Das Netz versteht mich
01.08.2007
Wenn Unternehmen nicht heute beginnen, Strategien für den effizienten Umgang mit der Ressource Wissen zu entwickeln, können sie morgen nicht wettbewerbsfähig bleiben. Web 2.0 und Semantic Web sind - mehr als nur neue Schlagwörter - Vision, Konzept und Programm für die nächste Generation des Internets, den Umgang mit Information und nicht zuletzt den Usern.
von Marion Fugléwicz-Bren
Stellen Sie sich folgendes Szenario vor: Herr Maier ist Projektmanager in einem multinationalen Konzern. Er arbeitet zusammen mit zwei weiteren Großkonzernen, fünfzehn kleineren Firmen und einem breiten Netzwerk selbständiger Spezialisten an einem bahnbrechenden Rettet-das-Weltklima-Projekt: Es geht um eine Technologie zur Reduktion von Treibhausgasen. Eine politische Gipfelkonferenz hat soeben die gesamten Rahmenbedingungen des Projekts gehörig ins Wanken gebracht. Und in der real time economy erwarten seine Projektpartner, Investoren und nicht zuletzt sein Chef schnelle und sichere Antworten. Das erfordert nicht nur umfangreiche Recherchen, sondern darüber hinaus auch noch enge virtuelle Zusammenarbeit über mehrere Zeitzonen und Fachdisziplinen hinweg.
Genau hier setzt das neue Nachfolge-Konzept für das Internet an, das seit einiger Zeit durch die Medien geistert: Semantic Web. Semantik ist die Lehre von der Bedeutung sprachlicher Zeichen. Und das Semantic Web wird von seinem Hauptprotagonisten, dem WWW-Erfinder Tim Berners-Lee, als weltumspannendes Datennetz dargestellt. Mit seiner Hilfe sollen Computer lernen, ihren Anwendern die Suche zu erleichtern – etwa indem die Maschinen Inhalte von Webseiten „verstehen“, um sie abzugleichen und automatisiert Schlüsse zu ziehen.
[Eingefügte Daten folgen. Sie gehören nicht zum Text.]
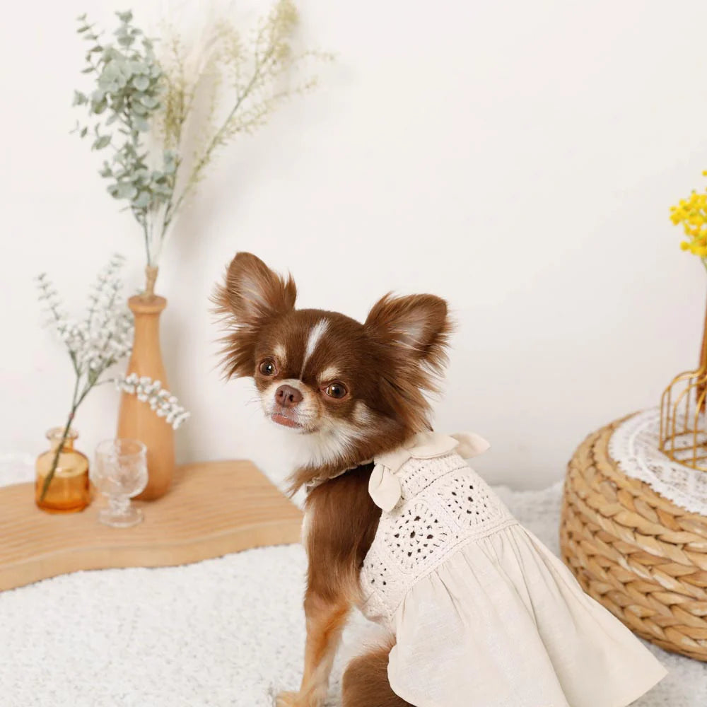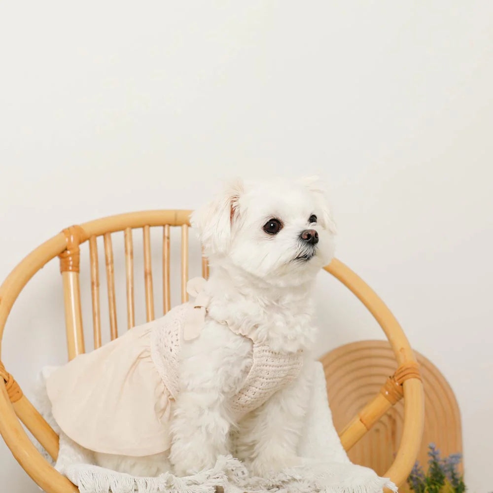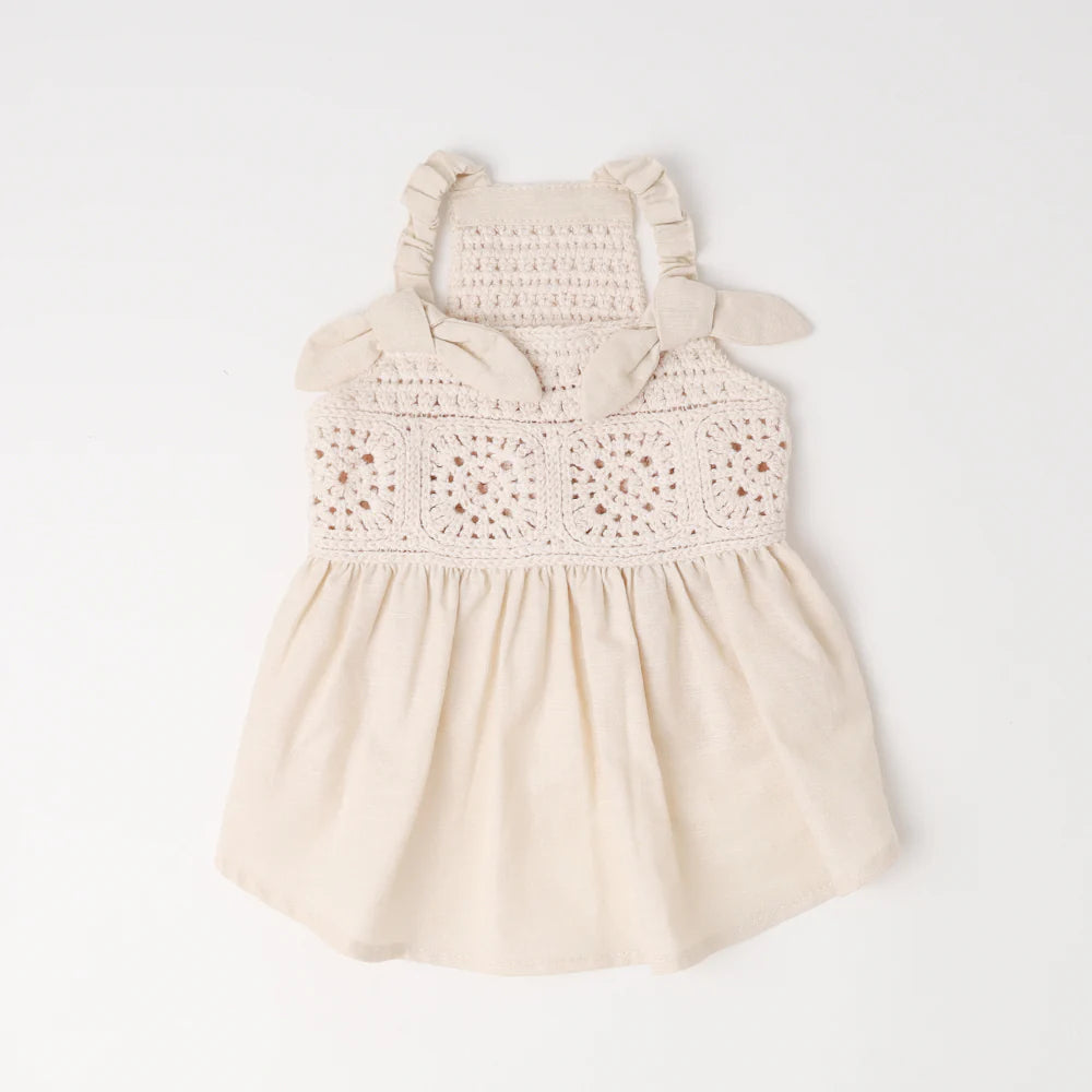 A lightweight summer dress crafted from a soft cotton-linen blend with charming knit texture and fixed shoulder bows. Treated with a cool-touch finish for added comfort in warmer weather.
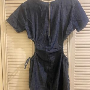 Comfortable denim dress featuring stylish side ties. Ideal for everyday wear.

Science Fiction? Ganz und gar nicht.
Unser Herr Maier braucht nun für sein Projekt eine Menge an Information – seine Entscheidungen sind bindend. Von seiner Expertise hängt der Projekterfolg ab. Wo kann er nun relevante Informationen für sein Projekt finden? Wie verlässlich sind diese Informationen? Im Unternehmenskontext ist jede Information kritisch. Welcher Experte weiß was - und wo in der realen oder virtuellen Welt sitzt er? Ist Herr Maier am letzten Stand der Entwicklung? Wo gibt es vergleichbare Projekte? Wer arbeitet zum selben Thema? Die Fragestellungen sind komplex, die Zeit ist knapp.
Aufgrund eines Wiki-Eintrags (Systeme, in denen Kollegen ihr Fachwissen weitergeben, Anm. d. Red.) erfährt Herr Maier von einer sehr wichtigen Entscheidung. Durch den Hinweis auf das Weblog eines Kollegen werden Details dazu ausgeführt. Ein Blick in die Yellow Pages gibt Aufschluss über die Adresse eines anderen Kollegen, spannende Neuigkeiten inhaltlicher Natur erfährt Herr Maier noch durch Social Bookmarks (Internet-Lesezeichen, die in einem Netz - Internet oder Intranet - mit Hilfe einer Browser-Oberfläche von verschiedenen Benutzern durch gemeinschaftliches Indizieren erschlossen und mittels eines RSS-Feeds bereitgestellt werden). All das dauert nicht länger als eine halbe Stunde.